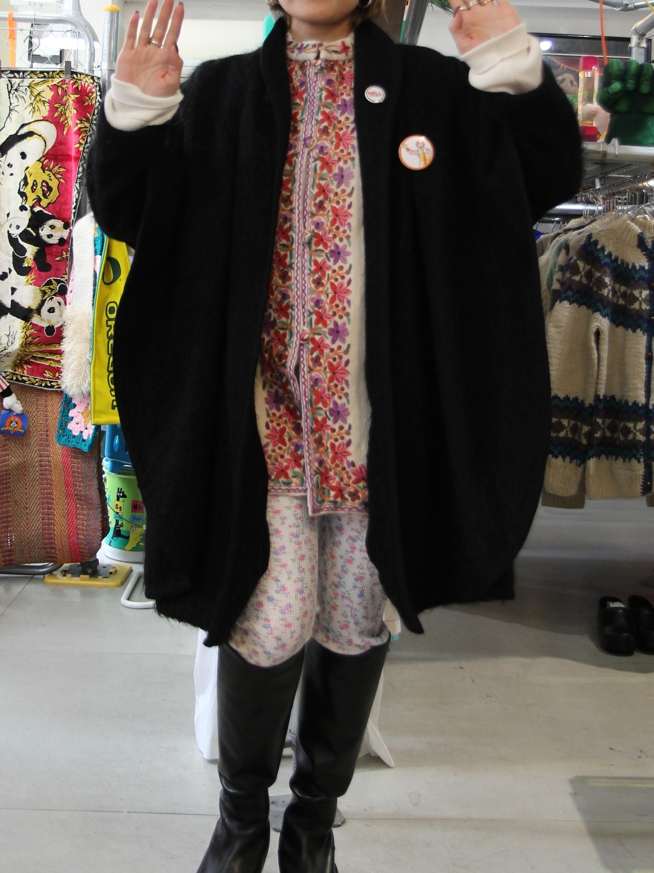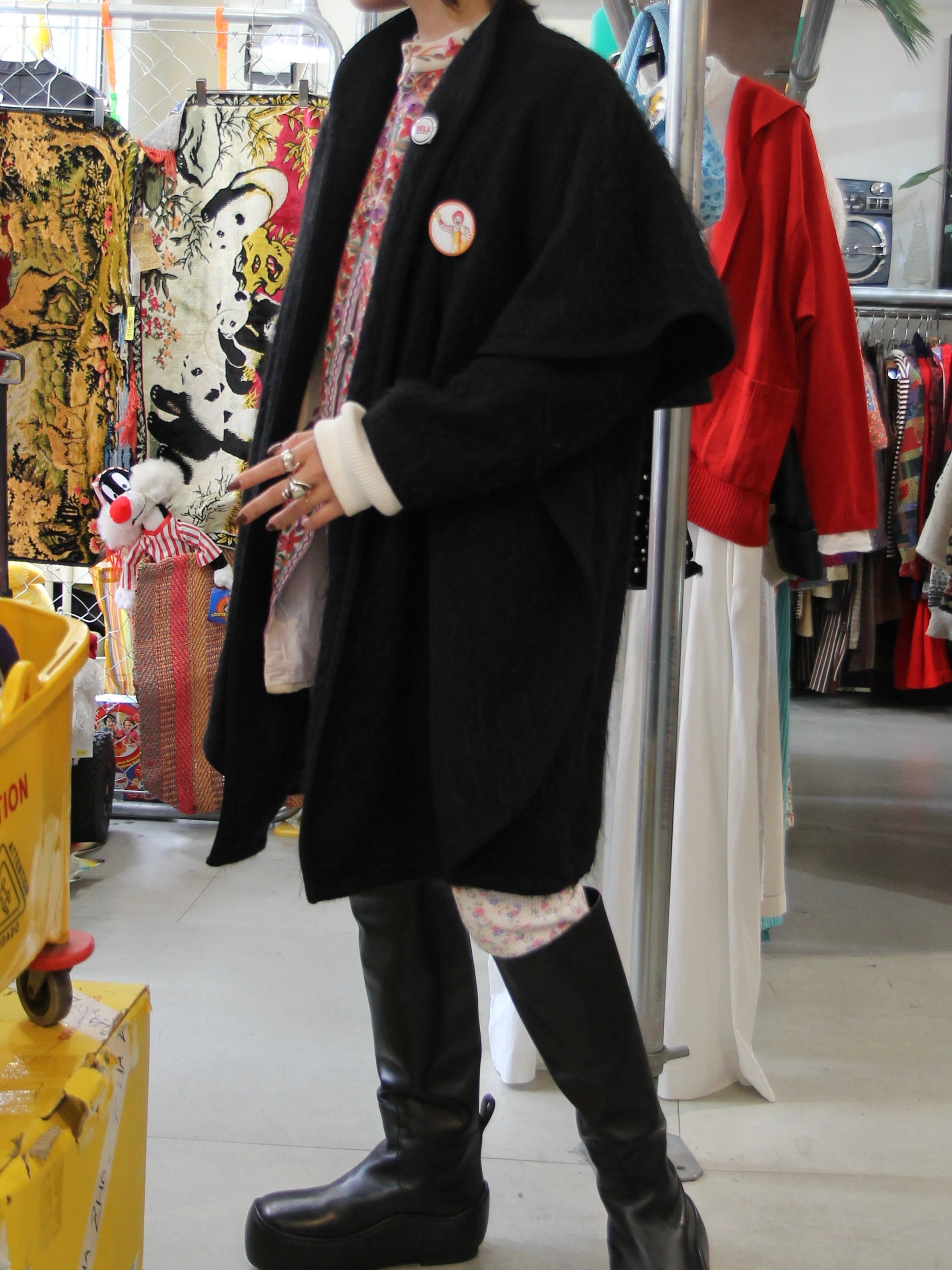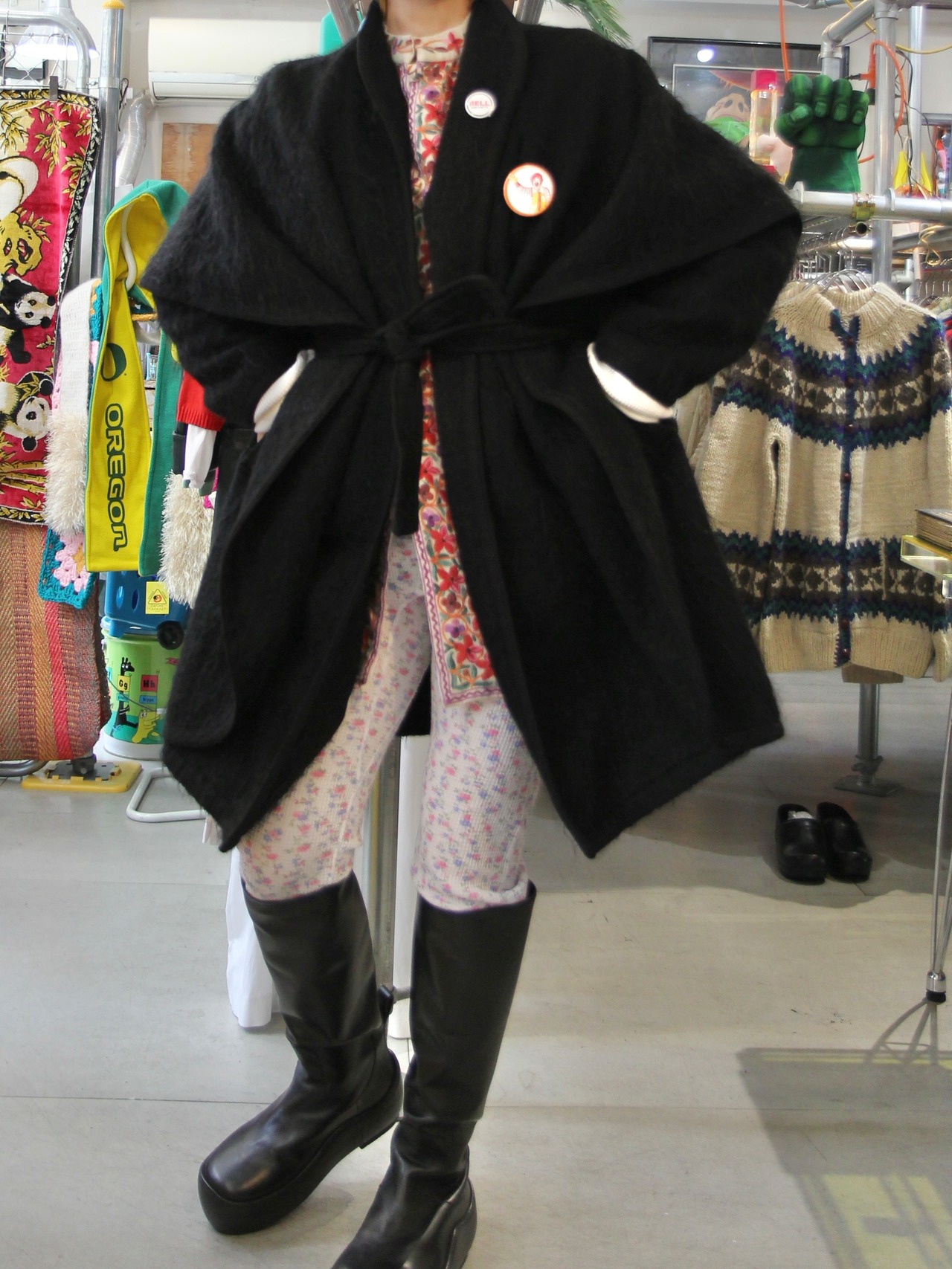 大きな襟と背中にかけて広がるハネのシルエットが特徴的
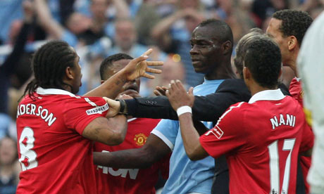 Даниэль Тэйлор рассказывает о восстановленных отношениях между Марио Балотелли и Рио Фердинандом: «Марио Балотелли настаивает на том, что в воскресенье на поле «Олд Траффорд» не будет никакого сведения счетов между ним и Рио Фердинандом, но предупреждает соперников, что планирует продолжить свою голевую серию в предстоящем матче. «Я не имею ничего против него», - говорит Балотелли. Он отличный игрок. Я даже не разговаривал с ним на [«Уэмбли»]. Я просто праздновал, но не против них [болельщиков «Юнайтед»]. Я просто показал ему футболку «Сити», и это, очевидно, разозлило его».
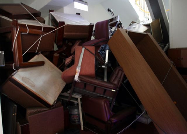 反服贸学生在3月18日冲入“立法院”霸占议场,并“就地取材”,以议场内的椅子等物品筑成“防御工事”,阻挡警察进入,学生20多天来的占领行动,也造成议场内设备、物品严重毁损。
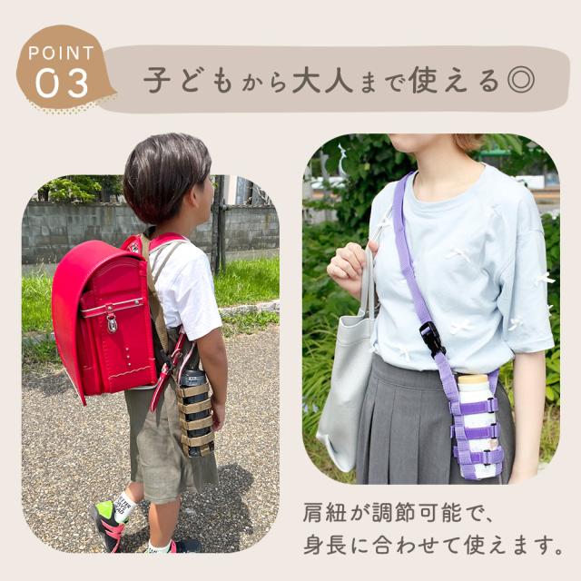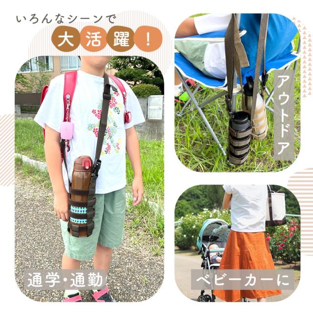 【MILASIC公式】 水筒カバー 肩掛け 子供 おしゃれ 500ml 600ml 1l 肩ひも カバー ショルダー 水筒ホルダー 肩掛けカバー ケース サイズ調節 マジックテープ 肩当て ストラップ 持ち運び 遠足 通園 通学 運動会 マグボトル 哺乳瓶 ペットボトル タンブラー 保育園 幼稚園
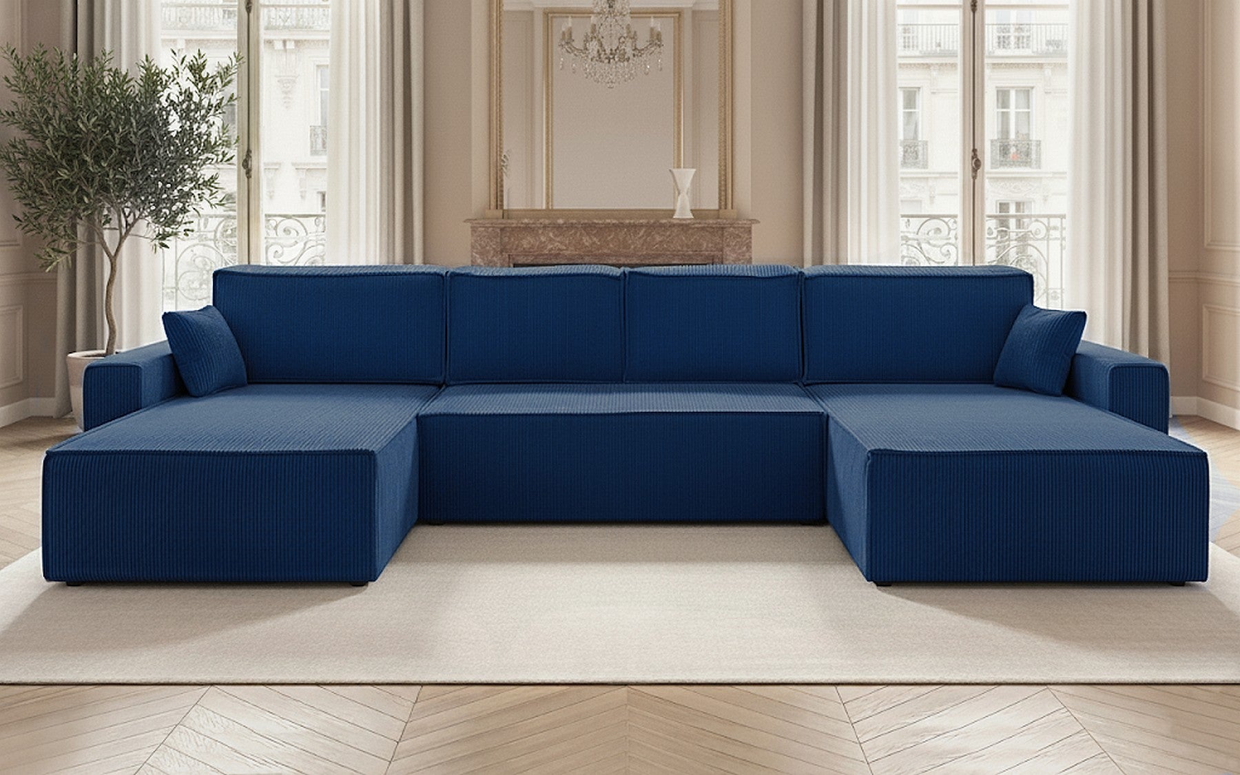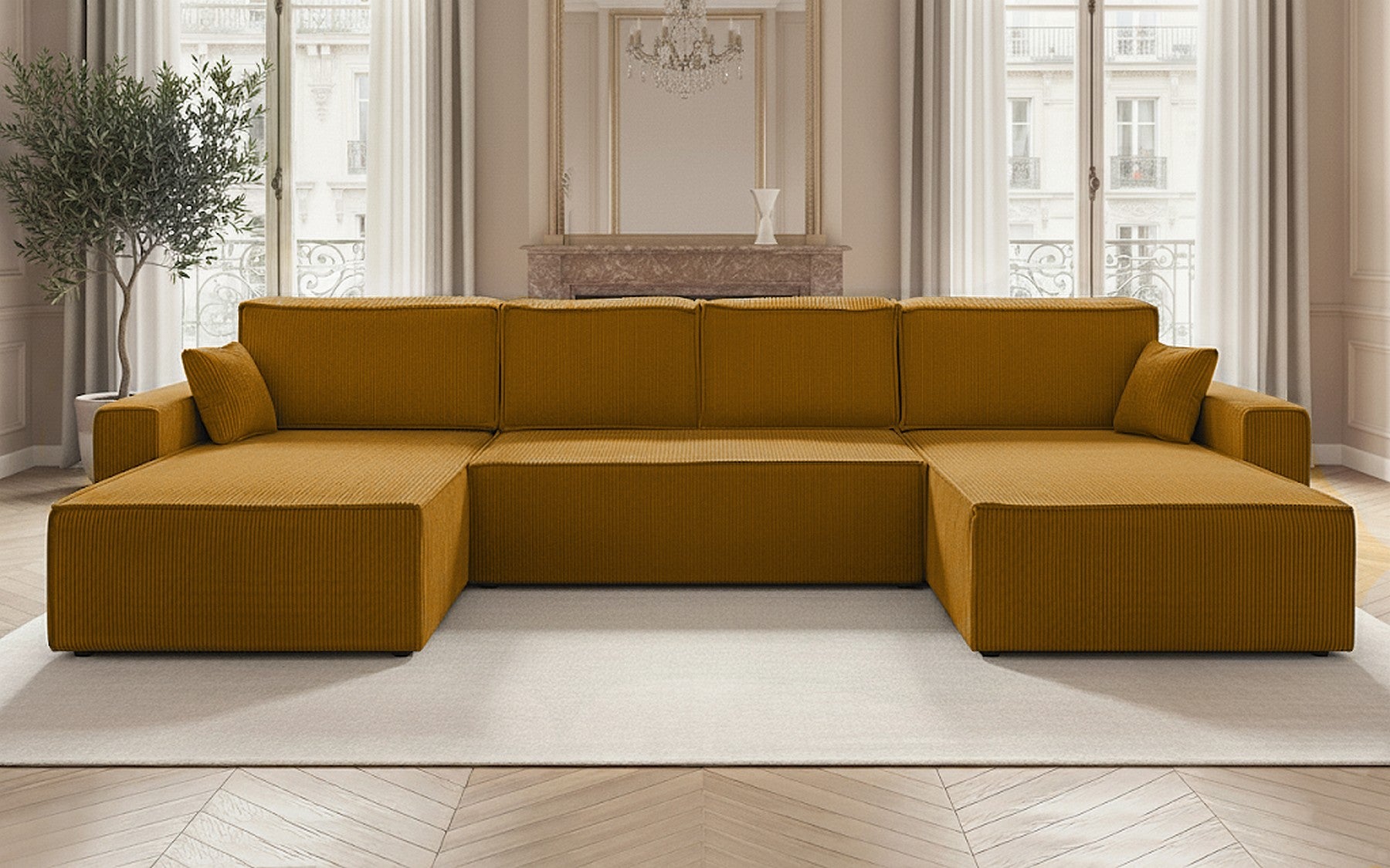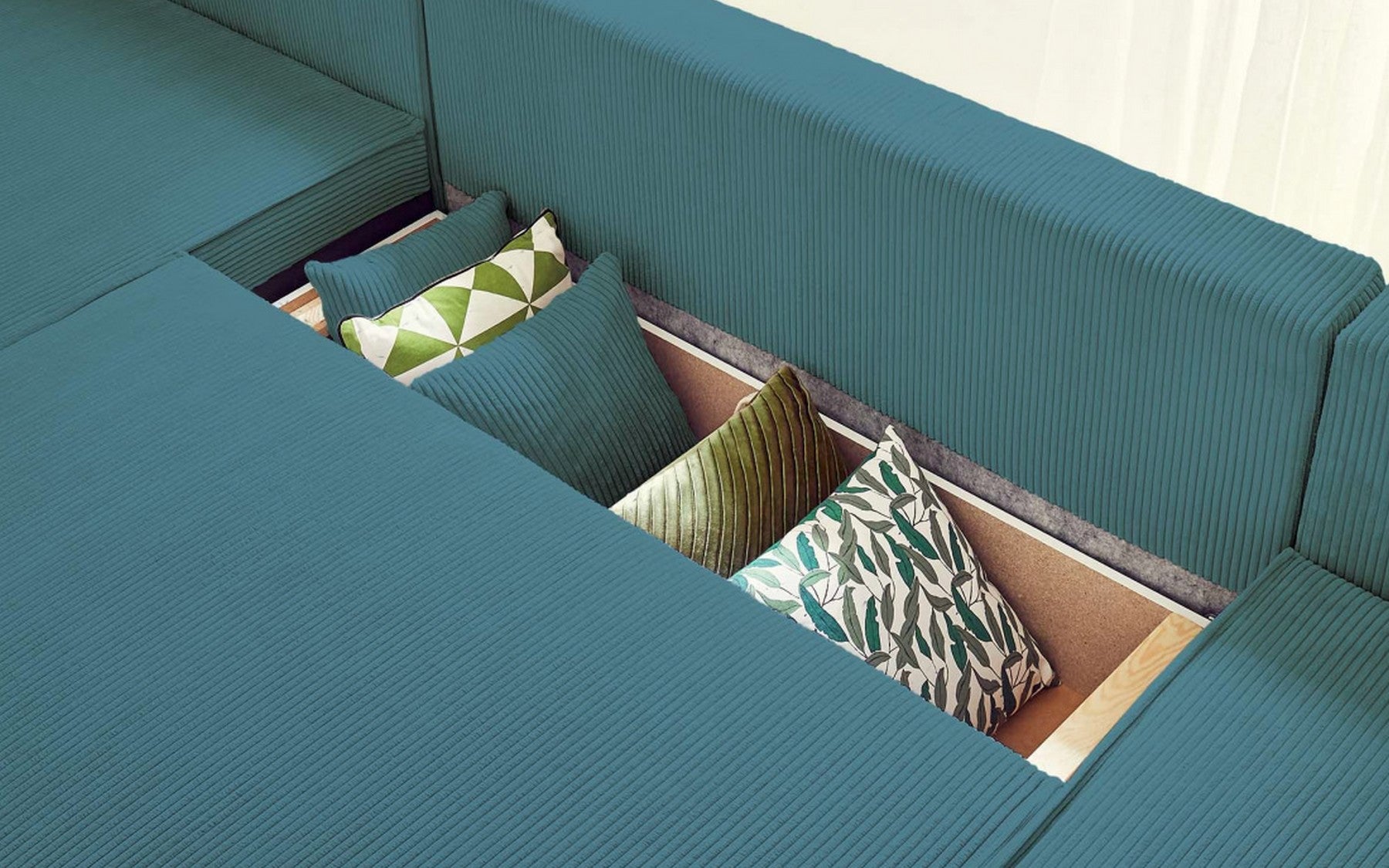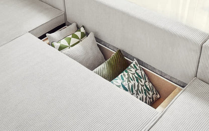 Canapé panoramique convertible avec coffre de rangement
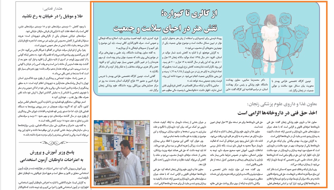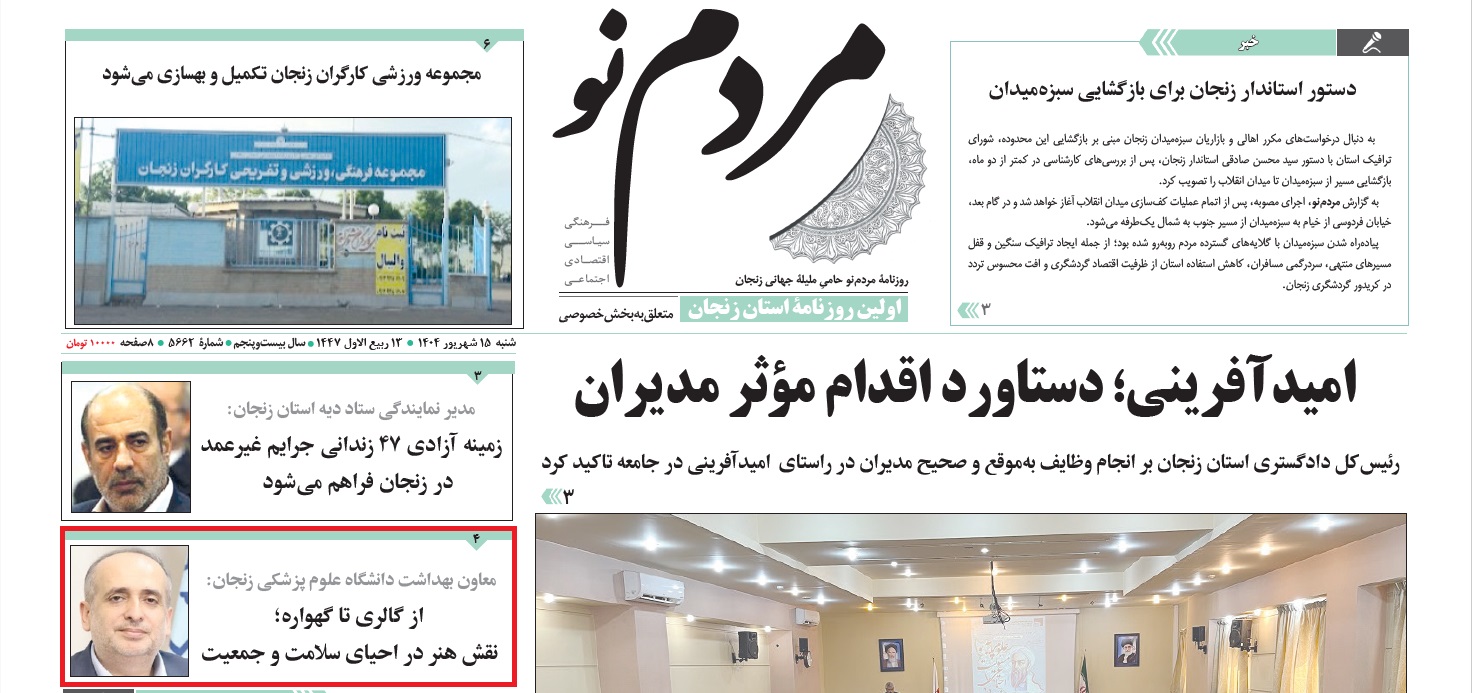 بازتاب خبرهای دانشگاه علوم پزشکی زنجان در نشریات - 15 شهریور 1404/06/15 - 09:46 - تعداد بازدید: 33 - تعداد بازدیدکننده: 33 - کد خبر : 2401 - گروه خبری : بازتاب در رسانه ها,رسانه های چاپی 1404 - تعداد نظرات : 0

================================

■ What the task asks:
Every entry, word for word, should be given again; the pictures are not part of the copy.

■ Exercise response:
 大きな襟と背中にかけて広がるハネのシルエットが特徴的
 Даниэль Тэйлор рассказывает о восстановленных отношениях между Марио Балотелли и Рио Фердинандом: «Марио Балотелли настаивает на том, что в воскресенье на поле «Олд Траффорд» не будет никакого сведения счетов между ним и Рио Фердинандом, но предупреждает соперников, что планирует продолжить свою голевую серию в предстоящем матче. «Я не имею ничего против него», - говорит Балотелли. Он отличный игрок. Я даже не разговаривал с ним на [«Уэмбли»]. Я просто праздновал, но не против них [болельщиков «Юнайтед»]. Я просто показал ему футболку «Сити», и это, очевидно, разозлило его».
 反服贸学生在3月18日冲入“立法院”霸占议场,并“就地取材”,以议场内的椅子等物品筑成“防御工事”,阻挡警察进入,学生20多天来的占领行动,也造成议场内设备、物品严重毁损。
 【MILASIC公式】 水筒カバー 肩掛け 子供 おしゃれ 500ml 600ml 1l 肩ひも カバー ショルダー 水筒ホルダー 肩掛けカバー ケース サイズ調節 マジックテープ 肩当て ストラップ 持ち運び 遠足 通園 通学 運動会 マグボトル 哺乳瓶 ペットボトル タンブラー 保育園 幼稚園
 Canapé panoramique convertible avec coffre de rangement
 بازتاب خبرهای دانشگاه علوم پزشکی زنجان در نشریات - 15 شهریور 1404/06/15 - 09:46 - تعداد بازدید: 33 - تعداد بازدیدکننده: 33 - کد خبر : 2401 - گروه خبری : بازتاب در رسانه ها,رسانه های چاپی 1404 - تعداد نظرات : 0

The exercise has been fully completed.